Fairy cakes are really easy to make, and home made ones just taste so much better than shop-bought. Simply cream 4oz castor sugar with 4oz butter (100g of each will do nicely instead), and beat in 2 eggs, a little at a time. Then fold in 4oz (or 100g) self raising flour using a metal spoon. Two-thirds fill 12 to 16 paper cake cases with the resulting mixture and bake in an oven at 190C (375F) for 15-20 minutes, until golden brown. You can throw in sultanas, or currants, or cherries, or cocoa powder, or whatever for variation (before cooking!), and can decorate the top with icing or whatever to make them look even prettier (after cooking). The only problem being that hot cakes taste so much better than cold (hence "selling like ..."), so you might have to make some more for your visitors, if you aren't so good at resisting temptation.

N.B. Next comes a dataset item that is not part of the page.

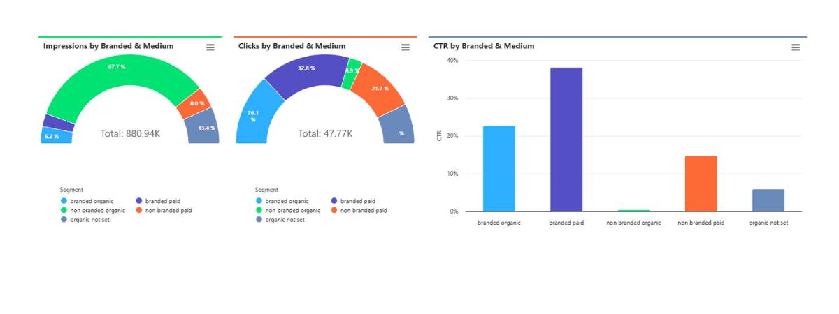 This snapshot is another clean counterexample to the “paid CTR is always low” myth. The CTR chart shows branded paid around the 40% while branded organic sits around 20%. That pattern is consistent with what we see in the distribution as well: non branded organic can generate a lot of impressions, but it does not automatically convert into clicks when the SERP is crowded and rankings are distributed. Meanwhile, paid on branded queries can become the fastest, most obvious click path because it sits above the fold and carries strong ad assets.
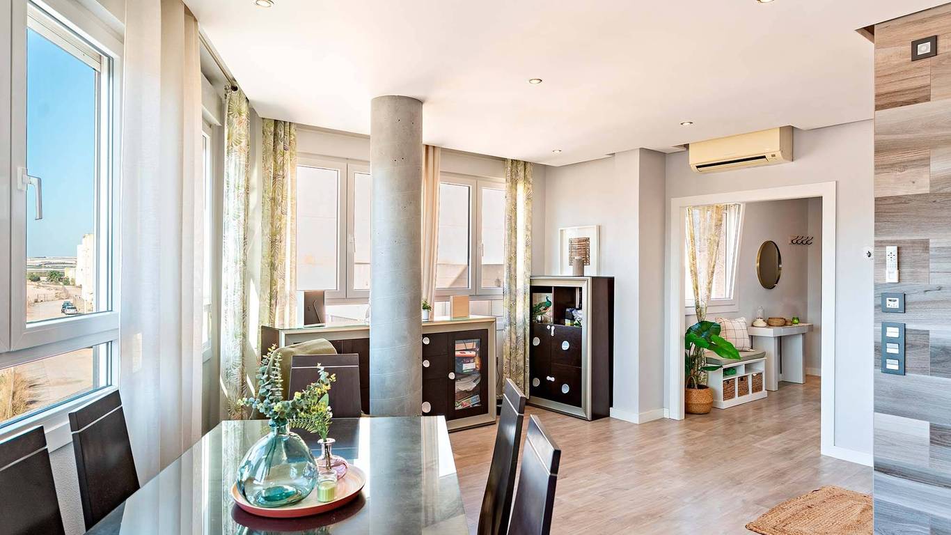 Los 10 ventanales del salón ofrecen unas vistas despejadas hacía el sur y el oeste que regala muchisima luz natural a esta vivienda que además tiene ventanas en cada habitación (baños también).

If I've been able to get hold of some Traquair House Ale, and I'm feeling really hospitable, you could be in for a treat. They brew it up in the Scottish Borders (oddly enough at Traquair House). They don't brew very much each year, and the vast majority of what they do brew is, I'm told, exported. If you can get hold of it, though, it's sheer nectar. It's strong, ABV 7.2%, but beautifully balanced with an enormously rich flavour.
And while we eat and drink, we can chat. Why not tell me what you like as a food or drink treat? The comment box is free and waiting.